02/08/2024 | Planet research | FoE Information, Communication & Computing

By Philipp Jarke

In this interview, Thomas Pock from the Institute of Computer Graphics and Vision explains what determining the activation sequence of the heartbeat has in common with throwing stones into a lake and how this can soon be learned in a personalised way using ECG data.

In the CardioTwin project, Thomas Pock wants to take additional variables into account when reconstructing the heart activation sequence and at the same time speed up the simulations. Image source: Lunghammer - TU Graz

How can you make a digital twin of the heart?

Thomas Pock: We developed a digital twin of the heart over the past few years as part of a BioTechMed cooperation project led by Gernot Plank from the Medical University of Graz. First, you need a digital image of the anatomy of the heart that is to be simulated. Every person's heart is unique, varying in size and shape, and the anatomy of pathological hearts sometimes is severely altered. This image is created utilising computer tomography and magnetic resonance images.

Even for doctors, it is difficult to determine exactly where the boundaries of the heart lie. Where does it cross over into the tissue, where is the heart attached and how large are the chambers? Taking this into account in the digital image is not so easy. Various algorithms have been developed for this purpose, and machine learning is now mostly used.

How does machine learning help?

Thomas Pock: To do this, a large number of hearts must first be tomographically imaged and segmented by hand into the various anatomical areas, e.g. heart chambers or valves. This image data and information go to form the learning data on the basis of which the heart can then be segmented with high accuracy from new, patient-specific data.

What area was your team predominantly involved in?
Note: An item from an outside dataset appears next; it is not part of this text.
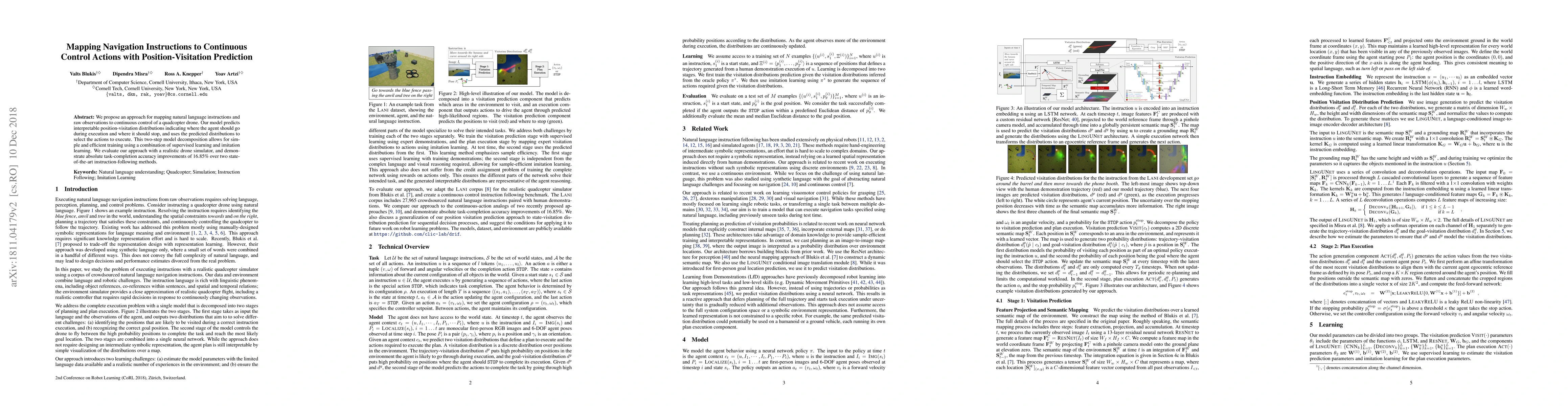 We propose an approach for mapping natural language instructions and raw observations to continuous control of a quadcopter drone. Our model predicts interpretable position-visitation distributions indicating where the agent should go during execution and where it should stop, and uses the predicted distributions to select the actions to execute. This two-step model decomposition allows for simple and efficient training using a combination of supervised learning and imitation learning. We evaluate our approach with a realistic drone simulator, and demonstrate absolute task-completion accuracy improvements of 16.85% over two state-of-the-art instruction-following methods.

Thomas Pock: We simulated the activation sequence of the heart. The heartbeat is triggered by an electrical wave. This wave starts and then travels through various points in the heart, such as the sinus node, the AV node and the Purkinje system – a network of discrete fibres forming the conduction system of the main chambers. There are also other factors that need to be taken into account in the simulation. For example, the electrical wave propagates quickly along the muscle fibres but rather slowly across them. All these factors together result in the contraction of the muscle fibres due to electrical stimulation, which causes the heart to pump. We have reconstructed the patient-specific activation sequence of the entire heart on the basis of the arrival times of these waves measured at the surface of the heart.
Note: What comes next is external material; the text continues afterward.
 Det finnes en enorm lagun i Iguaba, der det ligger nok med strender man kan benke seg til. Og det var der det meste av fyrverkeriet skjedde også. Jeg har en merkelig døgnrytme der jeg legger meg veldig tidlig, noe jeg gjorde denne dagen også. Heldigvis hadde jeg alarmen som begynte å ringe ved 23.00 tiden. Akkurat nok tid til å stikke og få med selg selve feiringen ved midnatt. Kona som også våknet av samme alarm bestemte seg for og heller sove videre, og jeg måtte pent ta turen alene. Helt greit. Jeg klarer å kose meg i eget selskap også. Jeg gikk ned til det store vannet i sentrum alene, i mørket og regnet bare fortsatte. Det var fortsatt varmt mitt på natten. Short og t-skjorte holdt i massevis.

How complex is something like this?

Thomas Pock: This is as complicated as trying to reconstruct the immersion point of a stone thrown into a lake and the subsequent wave propagation based solely on the change in water level on the lake shore. This is a so-called inverse problem.

How did you solve it?

Thomas Pock: A great deal of prior knowledge about the heart was incorporated into the development of the simulation, which heart modelling expert Gernot Plank and his team contributed to the project. In principle, you start with a highly simplified model in which the starting point of the electrical wave and its end points at the inner surface of the heart are assumed. From this you reconstruct the wave propagation. Of course, this reconstruction does not yet correctly depict the complex processes inside the heart with all its segments and structures. This subsequently requires many development and implementation steps. We have developed an algorithm that can reconstruct the activation sequence very precisely from the real measurement data on the heart. The calculations are based on a so-called eikonal equation, which generally describes the propagation of waves and is also well suited to the electrical wave in the heart.

How is it possible for such an algorithm to approximate reality?
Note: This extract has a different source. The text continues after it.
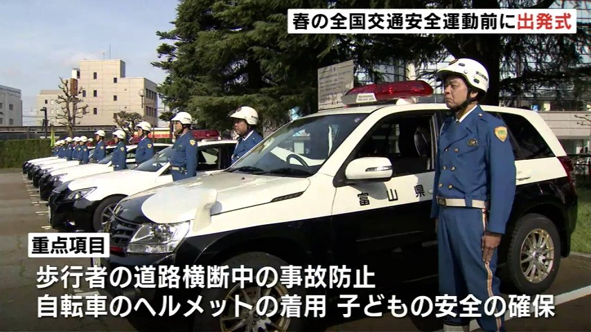 「春の全国交通安全運動」が6日から始まるのを前に富山県警察本部で出発式が行われました。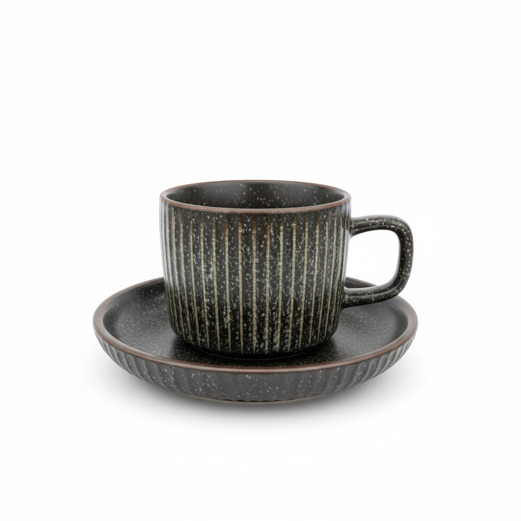 Set elegant filxhani kafeje me pjatë në ngjyrë të zezë me pika, me dizajn modern rustik dhe teksturë vertikale. Ideale për servirje stilike të kafesë në përditshmëri apo raste të veçanta.

Thomas Pock: You start with an insufficiently precise equation and compare the calculated value of the simulation with the real measured value obtained from the heart. The deviation error is fed back into the learning or optimisation algorithm and the simulation parameters are changed so that the error becomes smaller. These steps are repeated until the simulated and real values match as closely as possible.

A few weeks ago, you launched the follow-up project CardioTwin, in which you are continuing to focus on the digital simulation of the heart. What will you be working on specifically?

Thomas Pock: We are also working with Gernot Plank on this follow-up project funded by the Austrian Science Fund and Swiss National Science Foundation (SNSF), with additional cooperation partners from Switzerland. There will be important innovations: In the previous project, we reconstructed and simulated the activation sequence in healthy hearts. In CardioTwin, we are expanding the methods for various disease patterns in order to increase the clinical relevance of the models. In particular, hearts are modelled from patients with conduction disorders and from patients who have survived heart attacks. After a heart attack, for example, scarred tissue partially blocks the electrical wave. The wave must run around the scars like waves around an island in a lake.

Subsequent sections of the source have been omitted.